Microsoft browser users kick older IE editions to the curb

With less than 20 weeks left before Microsoft stops serving security updates to most versions of Internet Explorer (IE), Windows users last month finally began ditching the soon-to-be-retired editions in significant numbers, data released yesterday showed.

Out of the blue a year ago, Microsoft told most IE users that they had to be running IE11 by Jan. 12, 2016. After that date, Microsoft will support IE9 only on the little-used Windows Vista and Windows Server 2008; IE10 only on Windows Server 2012; and only IE11 on Windows 7, Windows 8, Windows 8.1, Windows 10, Windows Server 2008 R2 and Windows Server 2012 R2. Also on the support list was the new Edge, exclusive to Windows 10.

The penalty for ignoring the order: No more browser security updates.

Until August, users had been slow to react to the mandate, migrating to IE11 at the leisurely pace of about 1.8 percentage points in user share on average each month since Microsoft's went public with its upgrade-or-else demand.

But last month, assisted by the debut of Windows 10, 6.5% of those running a Microsoft browser adopted a safe-harbor version.

User share is a measurement generated by California-based Net Applications, which tallies unique visitors to its clients' websites, then reads browser agent strings to estimate the online user percentages running a specific browser family or the editions among such families. For example, according to Net Applications, 52.2% of the world's online users ran IE in August.

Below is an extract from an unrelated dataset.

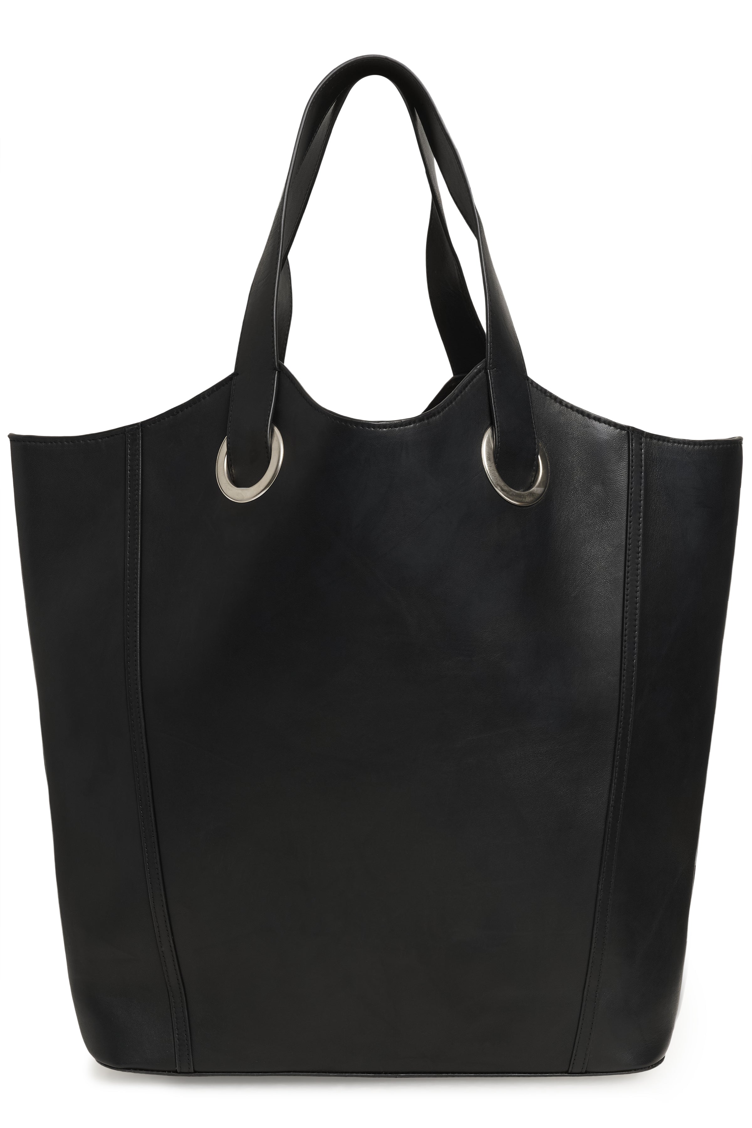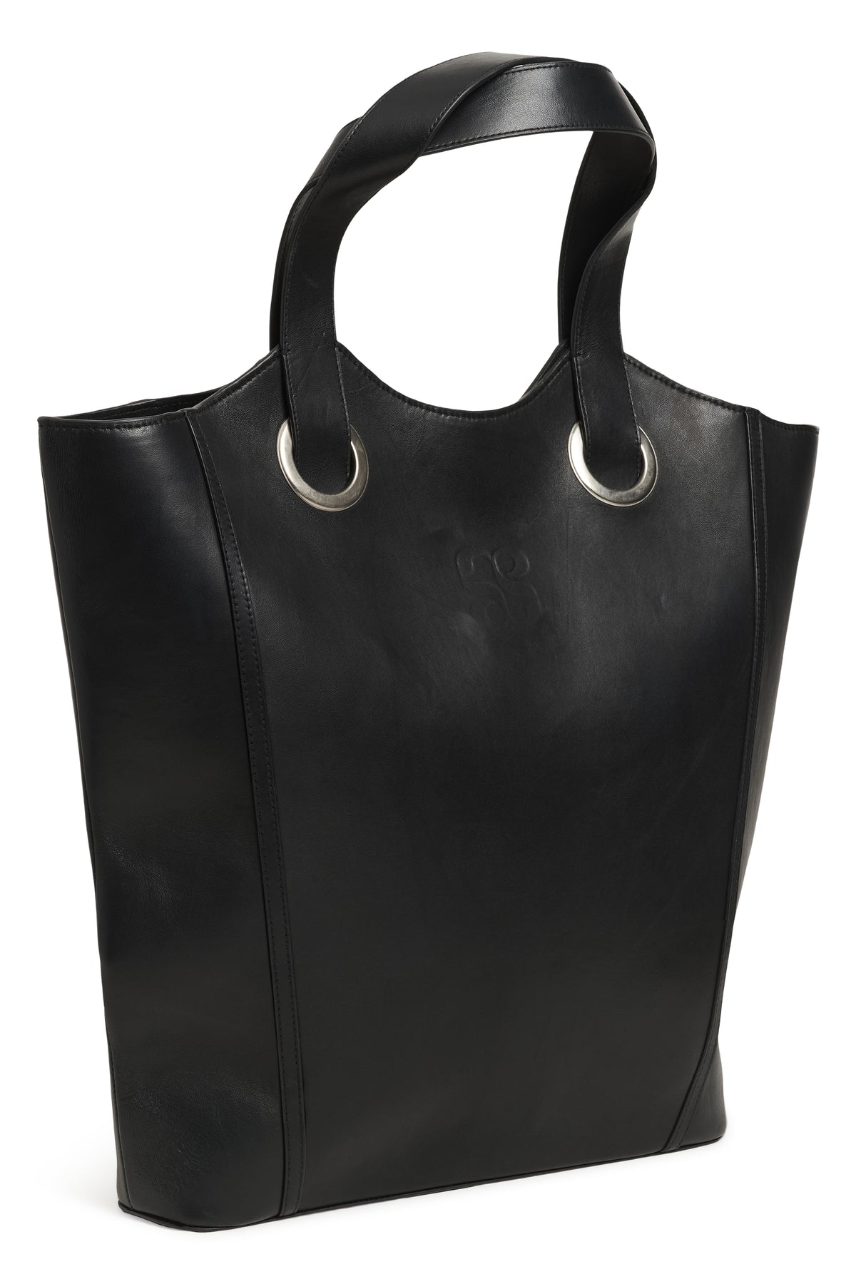 Trista er en rummelig og stilren shopper i glat, sort læder med et eksklusivt og tidløst udtryk. Tasken har en enkel, struktureret silhuet med let udvidede sider, som giver god plads til hverdagens essentials – fra laptop og dokumenter til personlige ejendele.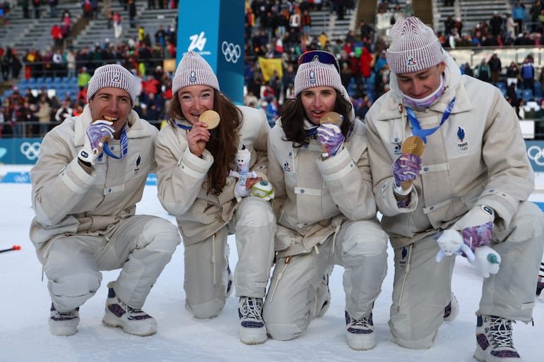El equipo galo, que fue campeón olímpico en PyeongChang 2018, medallista de plata hace cuatro años en Pekín 2022 y es doble campeón del mundo, confirmó en estos Juegos la potencia de su relevo mixto, con un 0+7 en tiro y un tiempo de 1:04.15.5, gracias a la remontada que protagonizaron Jeanmonnot y Simon.

Through August, 49.6% of all instances of a Microsoft browser were IE11, Net Applications said. Substantial fractions of the user base, however, continued to run versions slated for shutoff, notably IE8, which accounted for 20.2% of all browsers built by Microsoft. But IE9 (12.9%) and IE10 (7.9%) were also used by substantial fractions of the Microsoft browser world.

Discounting IE9 and IE10 because they will be supported only on small-volume platforms -- Vista, the largest by far, powered just 1.8% of all personal computers in August -- collectively the at-risk users accounted for 42.7% of those now running Internet Explorer or Edge. That's an improvement over the 49.2% in July, thanks largely to Windows 10's upgrade roll-out and the OS's default browser, Edge, which accounted for 3.8% of all Microsoft browsers, up from a measly 0.2% the month before.

IE8 appears to be the version that will be the hardest for users to eradicate. While its share of all Microsoft browsers fell by almost 4 percentage points in August, the largest decline since last October, the six-year-old application still was preferred by more than one in five Microsoft browser fans.

IE8 is unlikely to drop beneath the share of XP among all versions of Windows -- which was 13.4% last month -- because it's the latest edition able to run on the now-unsupported operating system. But then, XP users haven't received security updates for IE8 since April 2014 anyway, so the January 2016 cut-off will be meaningless to them.

Computerworld continues to predict that, based on the rate of decline in the up-for-retirement IE editions, more than 30% of those running a Microsoft browser in January will be severed from security updates.